I Would Give Another Horse for Such a Victory: Adjutant Bogardus at Antietam
Advancing in support of the 124th Pennsylvania through Miller's cornfield, Acting Adjutant Stephen Bogardus of the Purnell Legion from Maryland recorded the horrors he witnessed among the cornstalks.
"The cornfield was a horrible sight," he noted in a letter sent to his hometown newspaper. "A live Rebel soldier is a disgusting sight, but a dead one surpasses description. And that field was full of them, lying in all positions. Here, one shot through the heart and there, one with his leg torn off, and still farther on a trunk without a head." Soon thereafter, the Legion would advance towards the Dunker Church where Bogardus would be severely wounded in the mouth.
During the
Maryland campaign, the Purnell Legion was attached to Colonel William B.
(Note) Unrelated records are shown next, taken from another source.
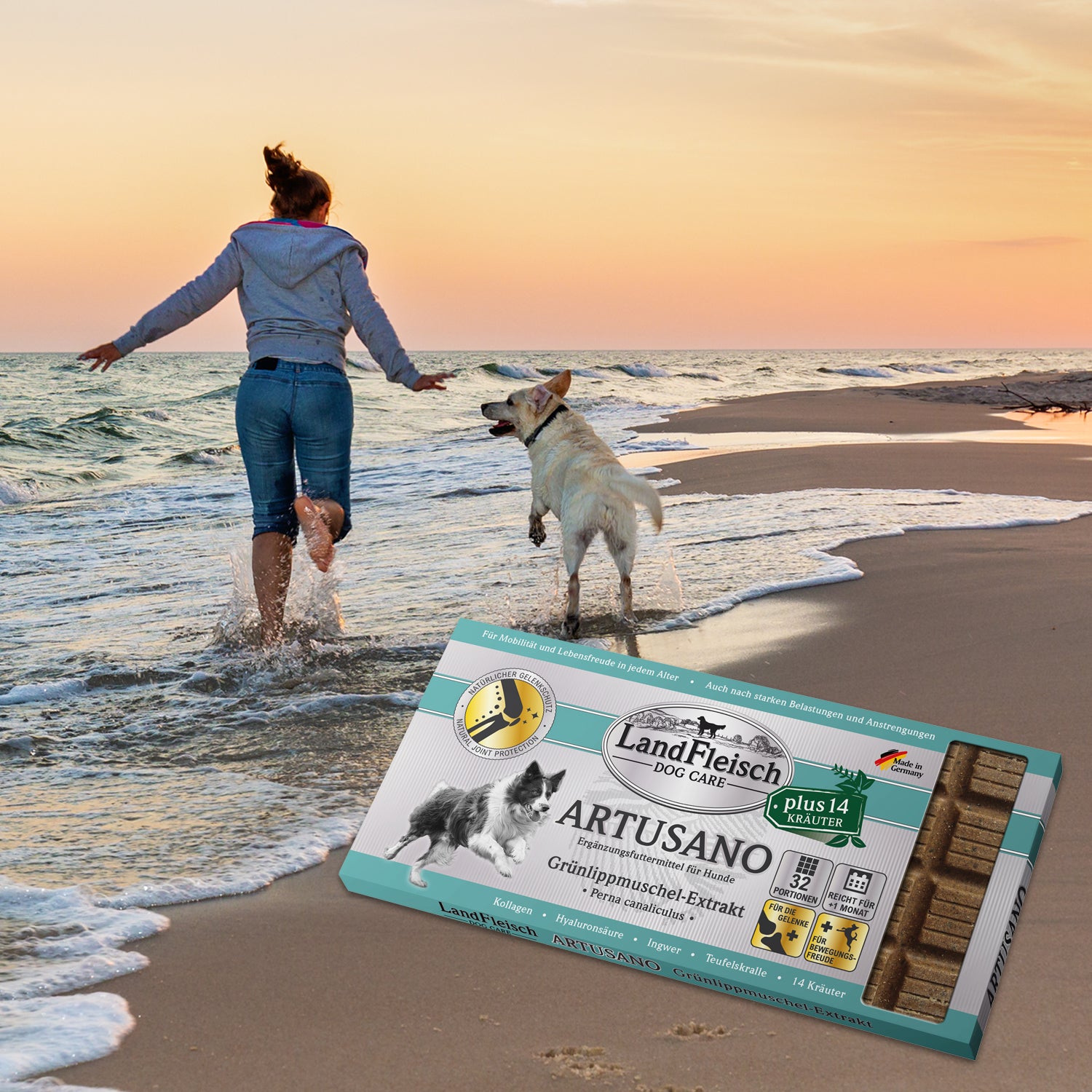 LandFleisch Dog Care ARTUSANO ist ein einzigartiges Ergänzungsfuttermittel mit natürlichem Gelenkschutz. Es enthält Grünlippmuschel-Extrakt zur Unterstützung der Mobilität und Lebensfreude von Hunden jeden Alters. In praktischer Schokoladentafelform mit 32 Portionsstücken reicht es für über einen Monat und steigert die Bewegungsfreude Ihres Hundes.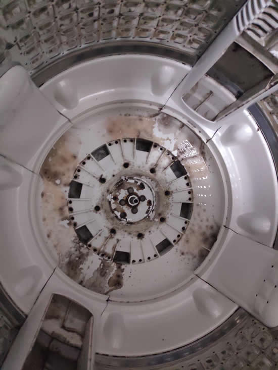不拆不知道,一拆吓一跳,里面太脏了。拆开不难,难的是清洗,波轮底部和钢筒外侧底部都很难清洗,慢慢干吧,三个多小时干完。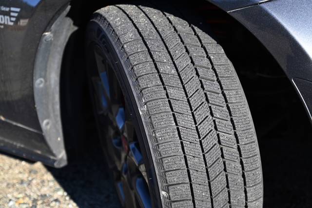 低温でも硬くならない特殊なゴムと、深い溝(サイプ)が特徴です。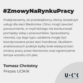 Prezes UOKiK po otrzymanym sygnale i przeprowadzonych analizach wszczął postępowanie wyjaśniające dotyczące rynku pracy. Sprawdza w nich praktyki sieci handlowych Biedronka i Dino oraz firm przewozowych obsługujących tych przedsiębiorców. W lutym i kwietniu br. za zgodą sądu i w asyście funkcjonariuszy Policji pracownicy UOKiK przeszukali siedziby spółek Jeronimo Martins Polska, Dino Polska oraz firm transportowych. Trwa analiza zebranych materiałów.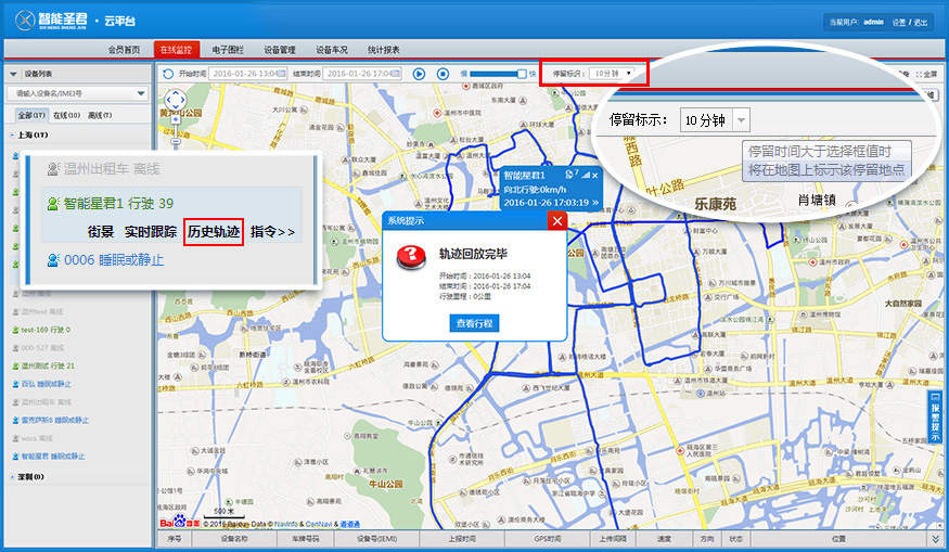 选择停留标识时间,则可显示此时间段内车辆停留的地点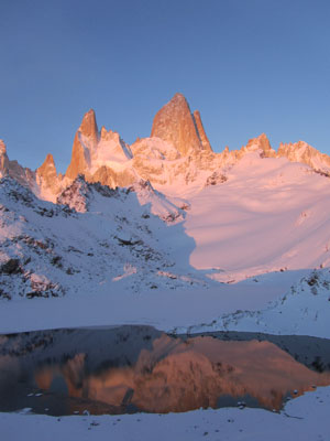 東の空の地平線には雲があった。雲の切れ間から真っ赤な陽が見える。おそらく日は地平線より上に出てきているはず。この真っ赤な陽が当たれば、フィッツロイが真っ赤に染まるのでは・・・西の空は雲ひとつなく晴れ渡っているというのに、肝心の太陽の光が届かない。このまま日の光がオレンジ色に変わってから山に日が当たることになってしまうのか・・・と思った瞬間、フィッツロイが赤く染まり始めた。エル・チャルテンの宿の壁に貼ってあった写真で見た、見事な深紅とはいいがたいが、朝焼けに燃える、素敵なフィッツロイ・・・写真を撮りまくるオイラ。一度光が当たり始めたら、あっという間に山全体が光に包まれていった。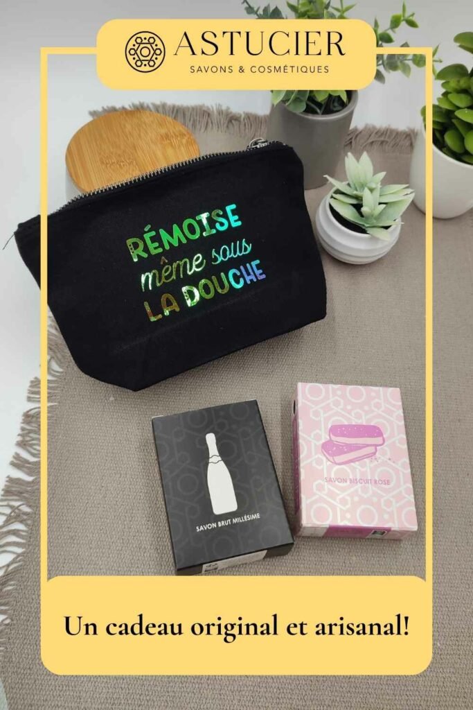 Les savons sont fabriqués en petites séries, avec des ingrédients de qualité issus du terroir champenois. La trousse en coton noir est réutilisable et élégante, idéale pour transporter tes cosmétiques préférés.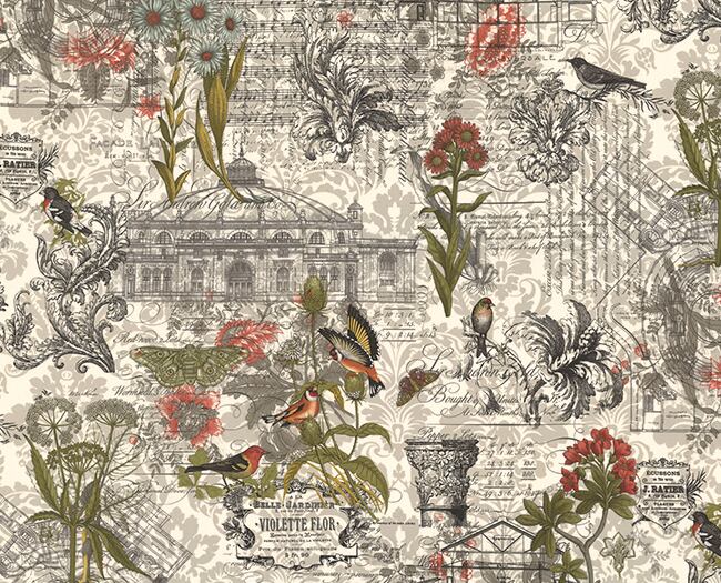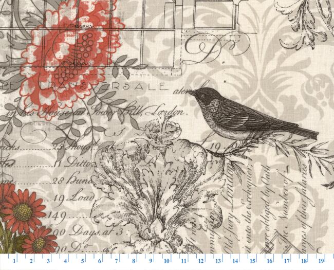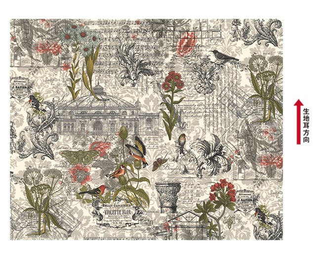 ・グレーを基調に英字が刻まれた地模様に、小鳥、蝶、お花が美しいボタニカルな生地です

Goodrich’s Third Brigade of General George Greene’s Second Division of General
Joseph K.F. Mansfield’s 12th Army Corps. Shortly after entering the
field that morning, the Legion was detached and supported the advance of the
124th Pennsylvania, which was part of General Samuel W. Crawford’s
First Brigade of General Alpheus Williams’ First Division of the 12th
Corps.
Bogardus’s short letter, written just two days after the battle from a Federal field hospital near Keedysville, Maryland, first saw publication in the September 23, 1862, edition of the Poughkeepsie Eagle in his hometown of Poughkeepsie, New York.
Keedysville, Maryland
September 19, 1862
After a lapse
of many weeks, I have found an opportunity to write a few lines. The smoke of
the battle of Wednesday has not yet cleared away, still we can see enough to
know that little Mac has gained another victory. I had, together with my
regiment, the honor to participate in the fray.
Tuesday night,
we arrived on the left but at 10 p.m. we were ordered to march to the right.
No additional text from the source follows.